> _Data block_:
═══
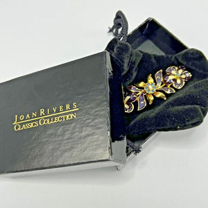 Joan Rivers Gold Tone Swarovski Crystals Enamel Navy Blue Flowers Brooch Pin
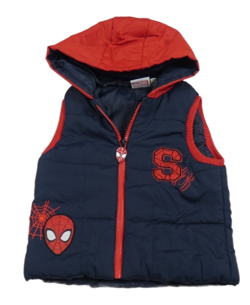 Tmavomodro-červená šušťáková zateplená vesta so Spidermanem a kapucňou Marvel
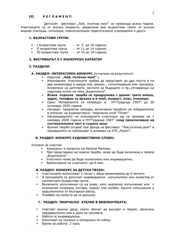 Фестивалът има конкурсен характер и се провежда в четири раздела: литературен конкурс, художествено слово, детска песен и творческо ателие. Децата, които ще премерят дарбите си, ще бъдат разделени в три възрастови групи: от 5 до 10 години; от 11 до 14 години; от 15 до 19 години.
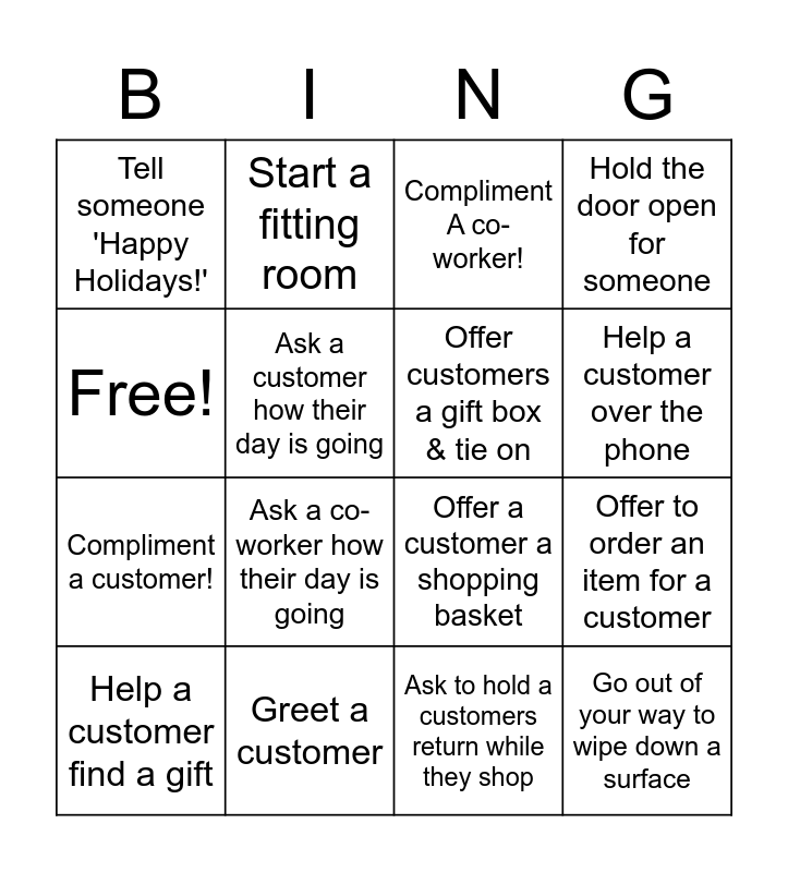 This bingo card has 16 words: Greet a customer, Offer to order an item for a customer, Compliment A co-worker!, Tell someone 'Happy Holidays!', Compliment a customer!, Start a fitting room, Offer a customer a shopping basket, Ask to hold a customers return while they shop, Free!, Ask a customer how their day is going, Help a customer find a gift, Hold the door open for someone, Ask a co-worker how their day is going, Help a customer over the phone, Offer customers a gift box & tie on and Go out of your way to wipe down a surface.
═══
> _Exercise details_: Transcribe the listing above exactly, but only from the line with "Tmavomodro-červená šušťáková zateplená" through the line with "Фестивалът има конкурсен". Include both of those lines and omit the pictures.

> _Exercise response_:
 Tmavomodro-červená šušťáková zateplená vesta so Spidermanem a kapucňou Marvel
 Фестивалът има конкурсен характер и се провежда в четири раздела: литературен конкурс, художествено слово, детска песен и творческо ателие. Децата, които ще премерят дарбите си, ще бъдат разделени в три възрастови групи: от 5 до 10 години; от 11 до 14 години; от 15 до 19 години.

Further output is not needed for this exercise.